- **WHAT IS REQUIRED**: Your answer must be only the lines below from the one containing "当店では、北海道から直送され" through the one containing "Beverwijk, 12 februari", copied exactly, with the pictures left out.

(Data excerpts)
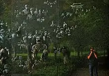 Within the walled triangle are 19 stainless steel statues designed by Frank Gaylord[6] and collectively called The Column.[7] Each statue is larger than life-size, between 7 feet 3 inches (2.21 m) and 7 feet 6 inches (2.29 m) tall; each weighs nearly 1,000 pounds (500 kg). The figures represent a platoon on patrol, drawn from branches of the armed forces; fourteen of the figures are from the U.S. Army, three are from the Marine Corps, one is a Navy Corpsman, and one is an Air Force Forward Air Observer. They are dressed in full combat gear, dispersed among strips of granite and juniper bushes which represent the rugged terrain of Korea.[8]
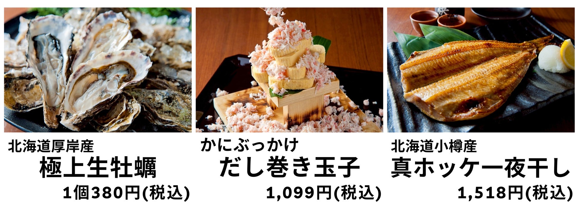 当店では、北海道から直送される旬の海鮮を使用した料理を豊富にご用意しています。なかでも人気のメニューはこちら。
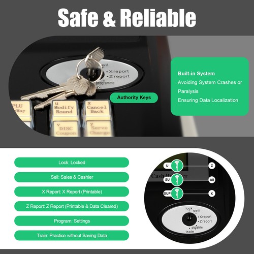 Easy to Operate: Clear Button Markings and Color Divisions, a Large Employee Lcm Screen, and a Clear Eight-digit Customer Led Screen Provide Great Convenience for You and Your Customers. the Employee Display Screen Clearly Shows Cashier, Time, Date, and Other Content, Which Even Novice Sales Personnel Can Quickly Grasp.
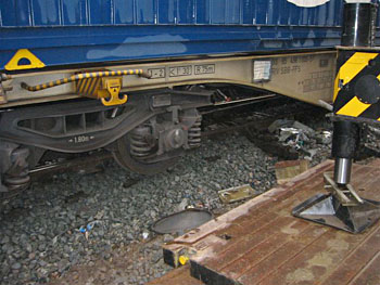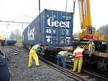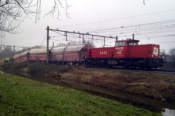 Beverwijk, 12 februari 2011. Loc 6495 met drie kalkwagens. Tijdens het omlopen van een locomotief ging er iets mis: men was vergeten de wagens op de rem te zetten en aan het einde van het onlangs gewijzigde spoor zat nog geen stootjuk. De gele mannetjes wachten op hulp van een kraan. De rest van de trein was toen al weggehaald. Foto Ger Kwerreveld. |
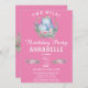 Obtenez votre rythme de fête de 2ème anniversaire et amis et famille invitations avec cette adorable invitation de fête d'anniversaire d'éléphant safari rose pour une fille. Ce design présente un arrière - plan rose avec un éléphant d'aquarelle douce, des feuilles tropicaux et de jolies fleurs roses. Customisez avec vos informations sur l'événement et le nom de votre enfant.
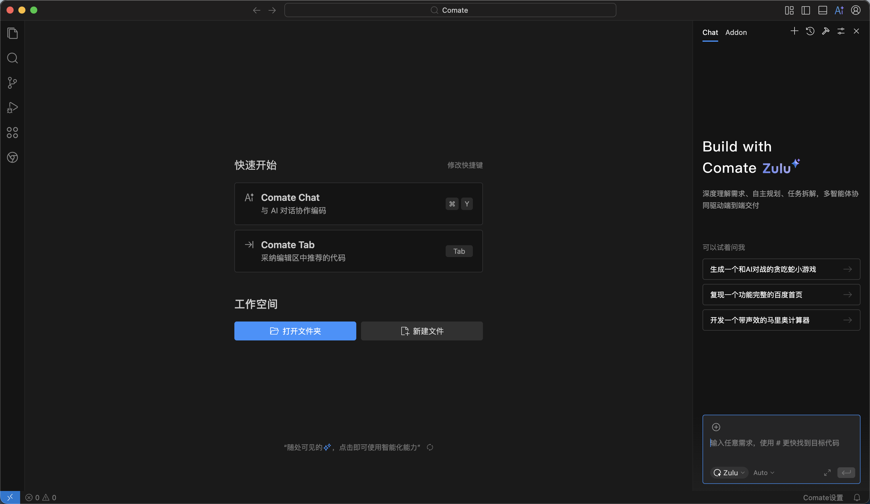 文心快码 (Baidu Comate) 是百度公司倾力打造的一款创新性 AI 编程助手。它深度融合了先进的人工智能技术,为开发者提供贯穿软件开发全流程的智能编码辅助,旨在创造更懂你的下一代编程体验。可以通过在 VSCode、JetBrains IDEs 等主流 IDE 中安装 Comate 插件,或直接使用功能强大的独立 AI IDE 来体验文心快码;这次我们就介绍下独立的 Comate IDE 。
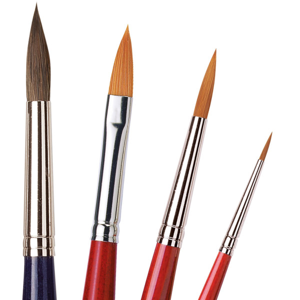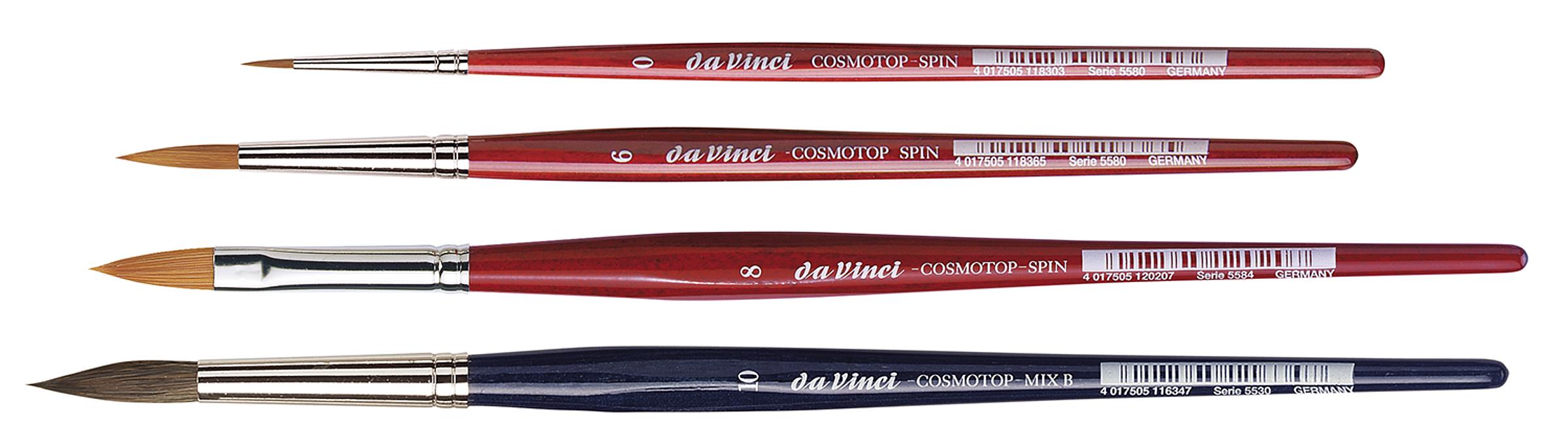 Das Aquarellpinsel-Set besteht aus vier Pinseln mit ergonomischen Esagonalstielen und besonders farbaufnahmefähigem Besatz. Enthalten sind ein Rundpinsel der Cosmotop-Mix B Serie 5530 in Größe 10, je ein Rundpinsel der Cosmotop-Spin Serie 5580 in Größe 0 und 6 sowie ein Ovalpinsel der Cosmotop-Spin Serie 5584 in Größe 8. Der Besatz der Cosmotop-Mix B Serie 5530 besteht aus einer Komposition klassischer Naturhaare (Marder, Feh, Iltis) mit hoch elastischen Kunstfasern, die Pinsel der Cosmotop-Spin-Serien sind mit extrafeinen, sehr geschmeidigen Synthetikfasern besetzt. Made in Germany.
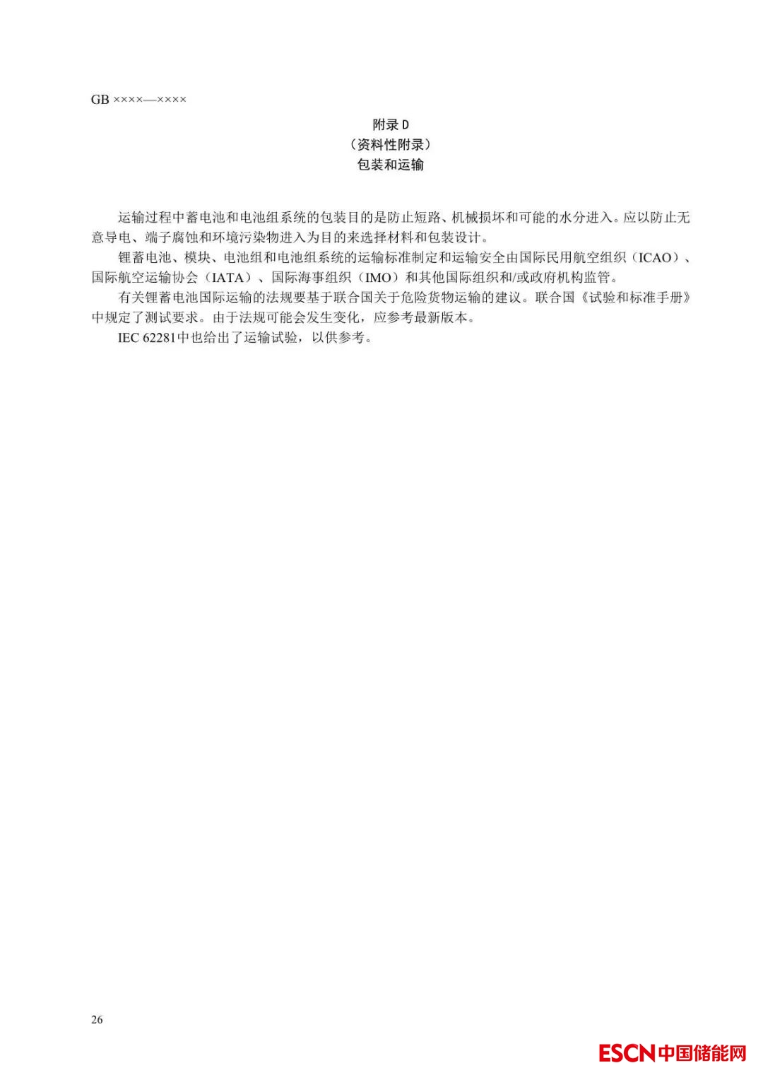 该文件适用于电能存储系统用锂蓄电池和电池组(以下简称为电池和电池组)。其中电能存储系统包括:电信;中央应急照明和报警系统;固定式发动机启动;光伏系统;家用(住宅)储能系统(HESS);大容量储能:并网/离网。
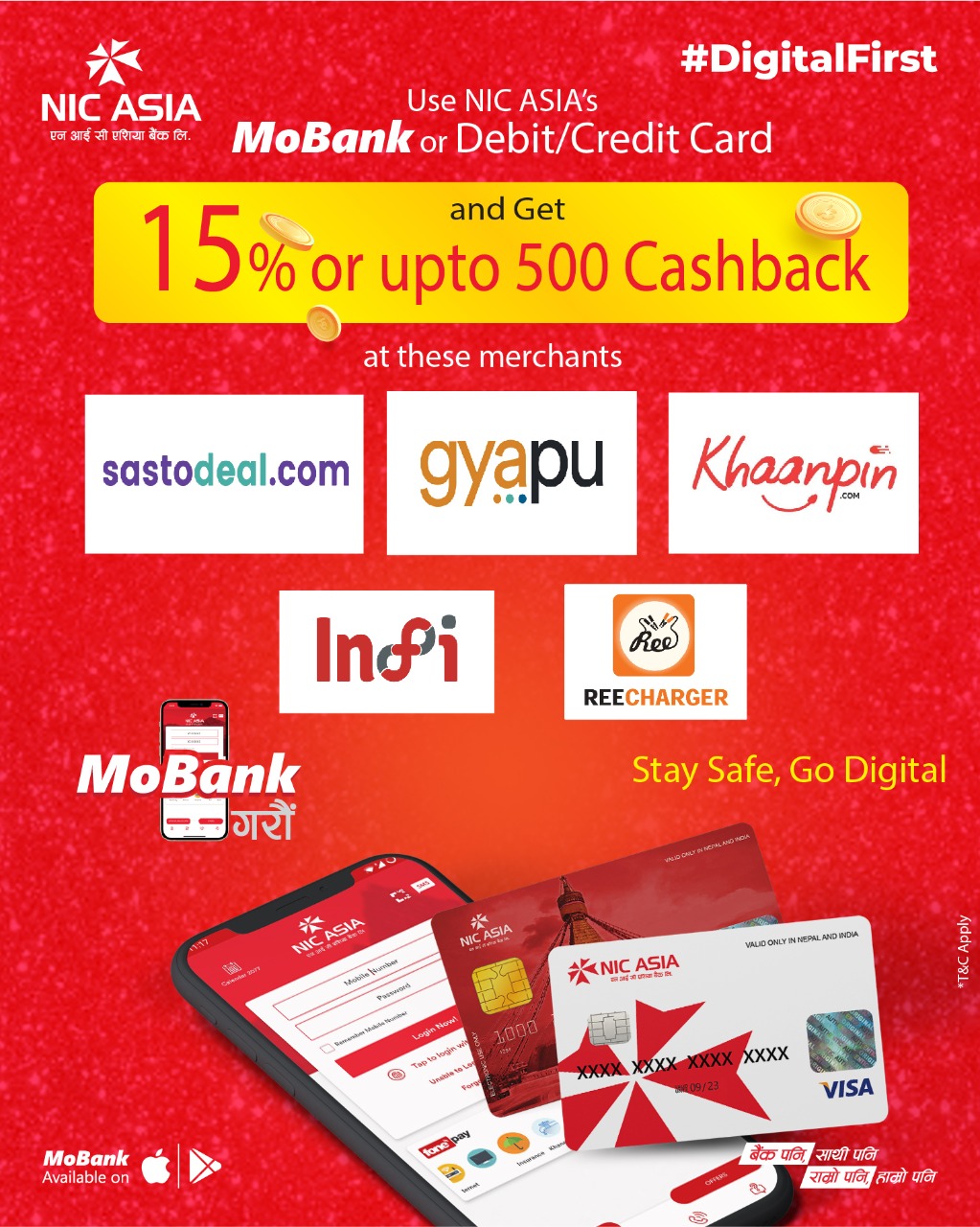 काठमाडौं । एन आई सी एशिया बैंकले आफ्ना ग्राहकहरूलाई घरमै बसेर विभिन्न अनलाईनमार्फत २०७८ वैशाख ३१ सम्म अत्यावश्यक सामाग्री खरिद गर्दा १५ प्रतिशत वा अधिकतम ५०० सम्म नगद फिर्ताको योजना सार्वजनिक गरेको छ ।
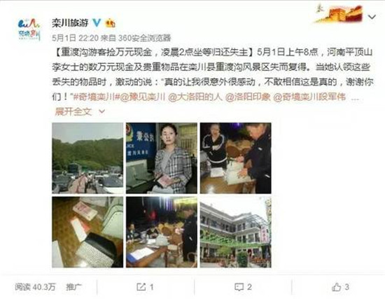 好心游客深夜協(xié)助景區(qū)聯(lián)系失主
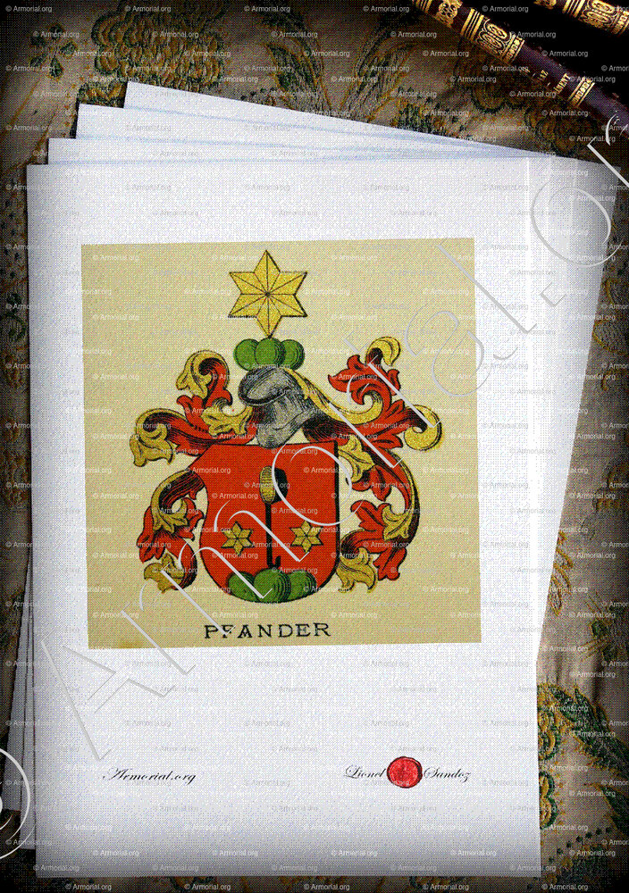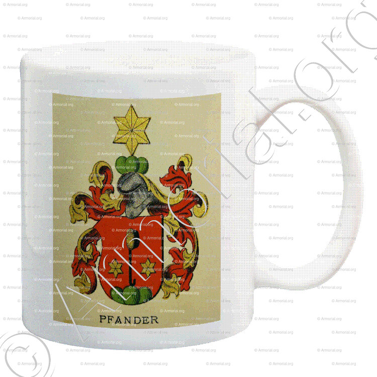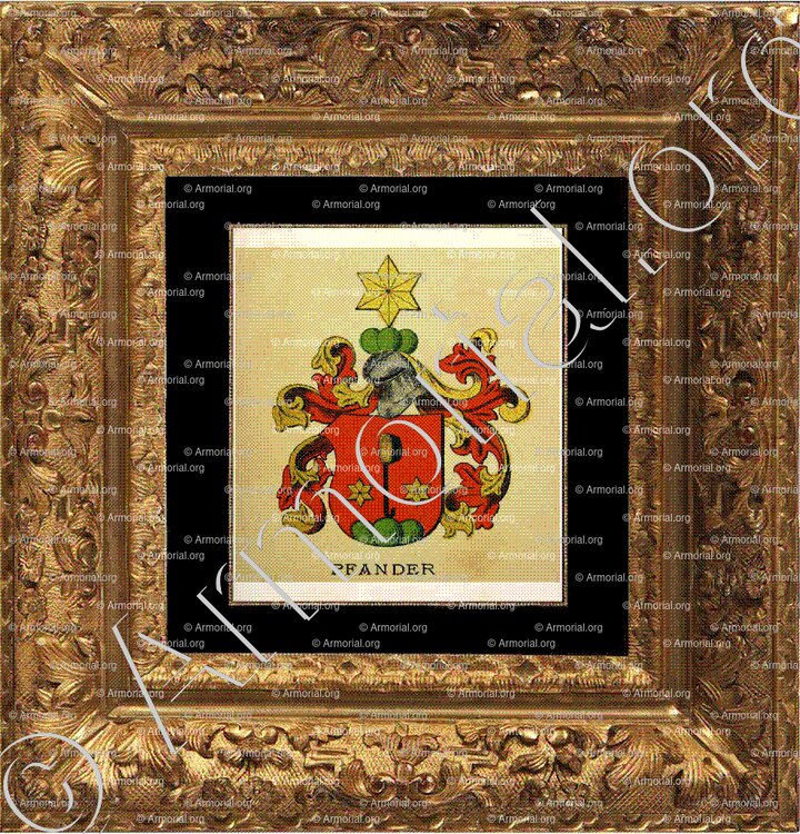PFANDER est un nom qui s’accompagne d’un blason. Origine :Wappenbuch der Stadt Basel . B.Meyer Knaus 1880, Schweiz

- **RESPONSE TO THE TASK**:
 当店では、北海道から直送される旬の海鮮を使用した料理を豊富にご用意しています。なかでも人気のメニューはこちら。
 Easy to Operate: Clear Button Markings and Color Divisions, a Large Employee Lcm Screen, and a Clear Eight-digit Customer Led Screen Provide Great Convenience for You and Your Customers. the Employee Display Screen Clearly Shows Cashier, Time, Date, and Other Content, Which Even Novice Sales Personnel Can Quickly Grasp.
 Beverwijk, 12 februari 2011. Loc 6495 met drie kalkwagens. Tijdens het omlopen van een locomotief ging er iets mis: men was vergeten de wagens op de rem te zetten en aan het einde van het onlangs gewijzigde spoor zat nog geen stootjuk. De gele mannetjes wachten op hulp van een kraan. De rest van de trein was toen al weggehaald. Foto Ger Kwerreveld. |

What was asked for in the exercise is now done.